The lawyers in the Tianjin dock this week were not conspirators for a foreign power. They were committed public servants assisting the most downtrodden in their society.
Some may have pushed harder than the Party could tolerate, inside and outside the courtroom, but if that was their offence, the Party should say exactly that. Instead it has pretended that this is a triumph of justice, insisting that the trials are fair, the confessions freely given and the entire charade open to international media.
None of this is true and the brazen cynicism of it all would be funny if it was not so frightening.
China does many things well and some things less well. The question is which things are important to its people, whether those change over time and whether the system can adjust to provide more of them.
In the long run, I believe constitutional rights will matter in China. It is an insult to intelligence and cannot be in China's long term interest to paint citizens who dare to discuss these rights as agents of the United States. It is also profoundly unethical.
Sharpening the ideological conflict with the US is surely questionable on strategic grounds too. It is indeed part of US foreign policy to promote democracy, but the irony is that in China the US has not really tried very hard.
Instead successive American administrations have invited China to rejoin the international community and benefit from globalisation, while accepting that it does so on its own domestic political terms.
As China's economic and military might rise to rival that of the US, there are a growing number of Americans who complain that they have nurtured a dangerous strategic rival which shares none of their values.

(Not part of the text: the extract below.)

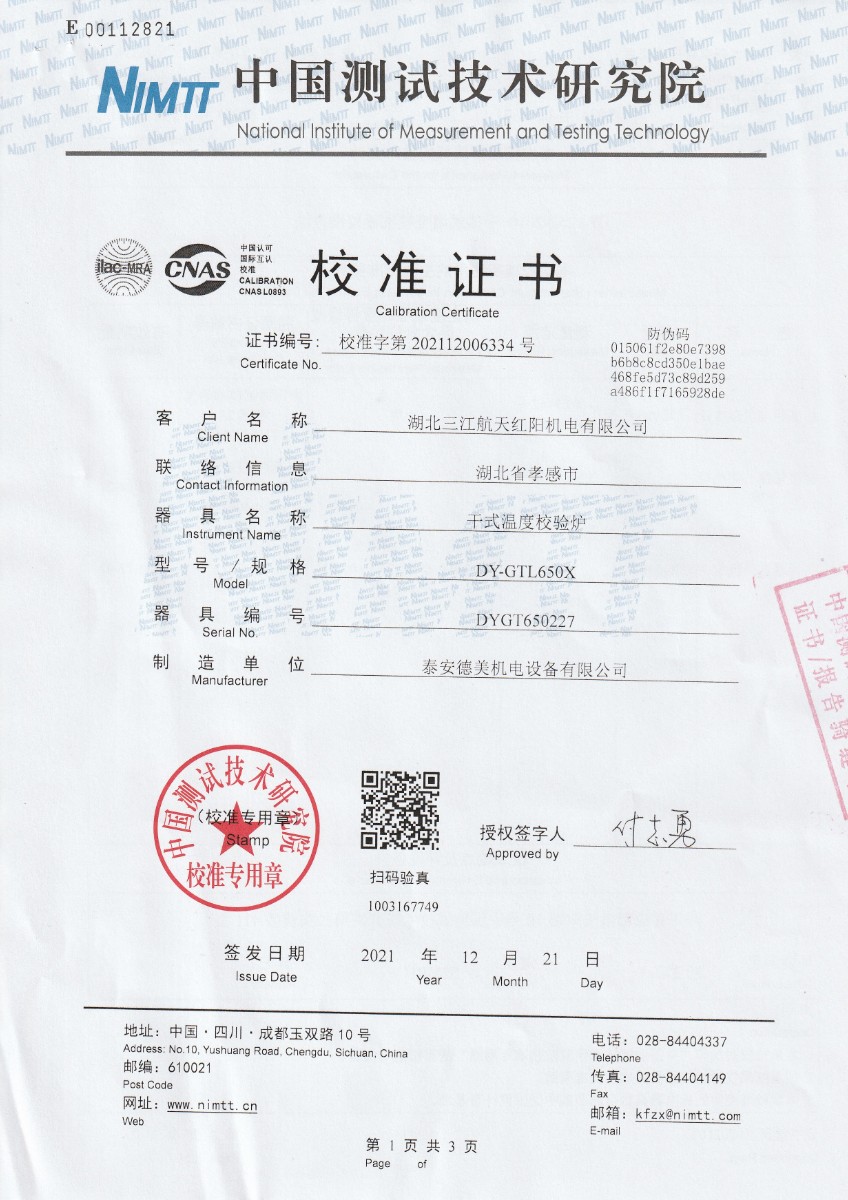 湖北三江航天紅陽機電有限公司-干式溫度校驗爐 2021-12-27 本文被閱讀 13595 次
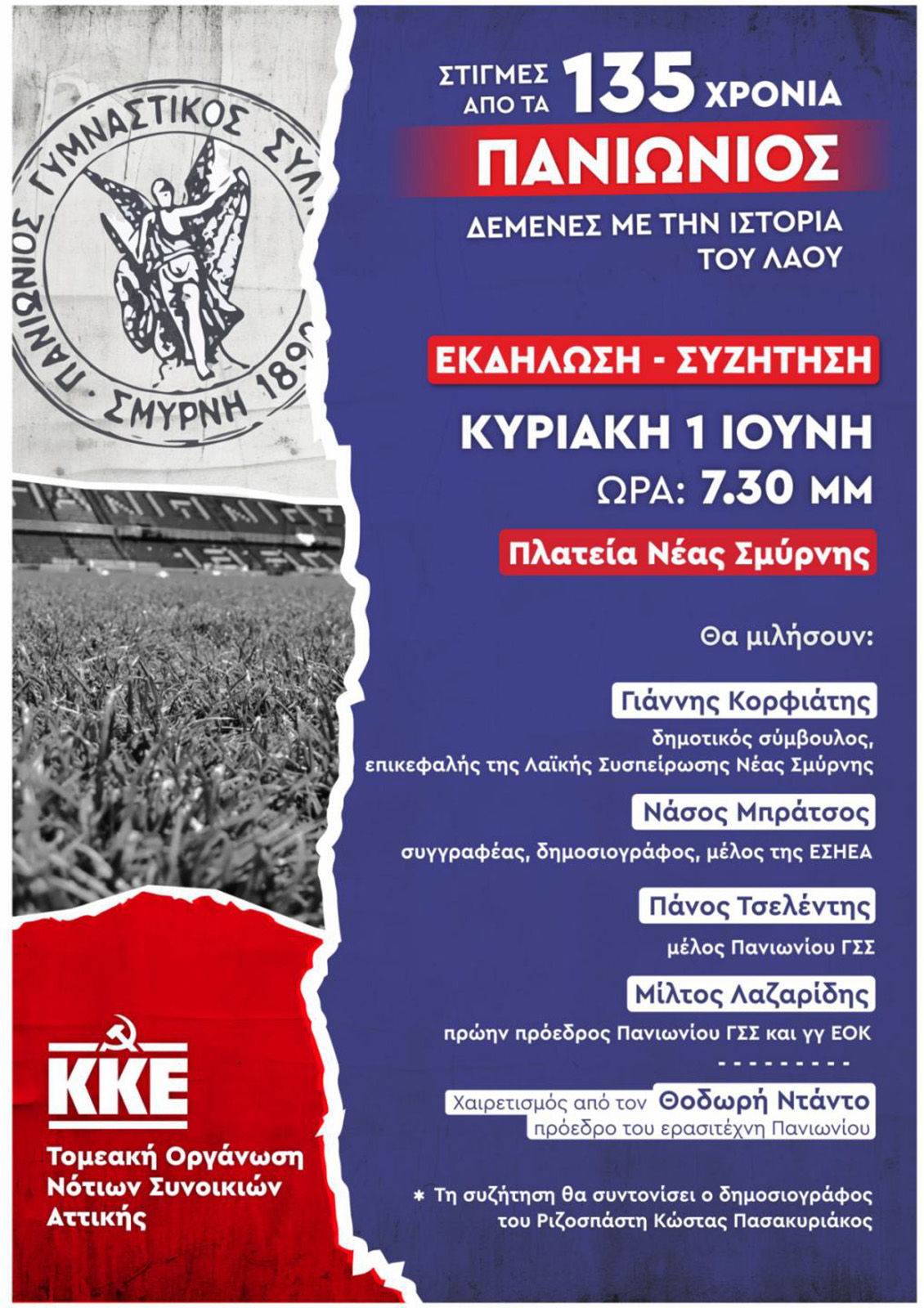 Εκδήλωση – συζήτηση με θέμα: Στιγμές από τα 135 χρόνια Πανιώνιος, δεμένες με την ιστορία του λαού, διοργανώνει η Τομεακή Οργάνωση Νότιων Συνοικιών Αττικής του ΚΚΕ, την Κυριακή 1 Ιούνη, στις 7.30 μ.μ. στην κεντρική πλατεία της Νέας Σμύρνης.

Painting Washington as the enemy only feeds this fear, inflaming nationalism and suspicion on both sides.
I'd ask the Tianjin prosecutors, if American NGOs are part of a US government conspiracy, what are the Chinese players abroad, who fund video messages displayed in New York's Time Square, the teaching of Chinese culture in Confucius Institutes or any number of other Chinese soft power projects?
In these frightening times, which of us knows what challenges are around the corner?
First and foremost for the dignity and protection of its own citizens, but also for the sake of China's future and that of the world at large, a responsible Beijing would celebrate those who work for society's most vulnerable and talk down the ideological enmity with the West rather than talk it up.